Peak GPU performance of the Snapdragon 8 Gen 3 is rumored to be higher than the A17 Pro
Only recently, it was reported that the Snapdragon 8 Gen 3 might not have been exceptionally faster than the Snapdragon 8 Gen 2 in AnTuTu, managing only a 15 percent lead, but the GPU test revealed an impressive 40 percent difference. The large gap can only mean that the A17 Pro may have a tough time competing with the upcoming SoC, particularly in real-world graphics and stress tests. However, Revegnus also points out that the Snapdragon 8 Gen 3 will be 30 percent more power efficient than the A17 Pro.
While he does not mention where he got this information from, we have seen in multiple testhatere the Snapdragon 8 Gen 2 has beaten the A16 Bionic quite comprehensively. This year, the tipster claims that the GPU performance gap will also widen, with the Snapdragon 8 Gen 3’s Adreno 750 graphics processor said to bring a 60 percent difference to the table against the A17 Pro. Unfortunately, these details are ambiguous because it does not mention if the Snapdragon 8 Gen 3 will obtain this lead in pure rasterization, ray tracing, or both.
Update: Snapdragon 8 Gen 3 boasts a 30% better power efficiency compared to the A17 Pro.
The performance gap in GB6 multi-core benchmark scores between Snapdragon and Apple Silicon is narrowing, and the Snapdragon 8 series GPU's peak performance surpasses Apple's. In 2022, there…
— Revegnus (@Tech_Reve) October 7, 2023
This year, Apple has marketed that its A17 Pro has four times faster ray tracing performance than the A16 Bionic, so it will be interesting to see how the Snapdragon 8 Gen 3 fares in this area.

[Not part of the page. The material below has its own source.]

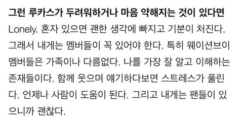 이번 ㅅㅍㅇ 엘ㄹ 루카스 인터뷰 내용인데 직접 응원해줄 수 없는 지금 상황에서 외롭다고 못느끼게 우리도 열심히 하자..정말....

Also, on the subject of power efficiency, Qualcomm may have gimped the CPU performance of its upcoming SoC to gain an edge in battery life, as raising the clock speeds on the performance cores may result in a high power leak, spiking that consumption reading through the roof.

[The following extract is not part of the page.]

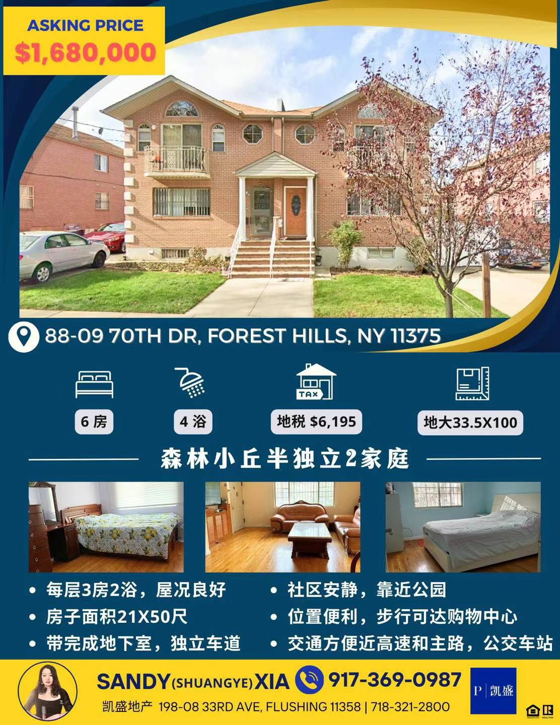 🔵共2层,每层3房2浴,屋况良好,带完成地下室,独立车道

There are reports showing that the A17 Pro has a significantly higher power draw this year, but that was most likely implemented purposely to post a meaningful single-core and multi-core difference against the A16 Bionic. Clearly, the advantage of being mass produced on TSMC’s 3nm process is not evident now, so let us see if Qualcomm used its chip design prowess on the Snapdragon 8 Gen 3 to get the better of Apple this year.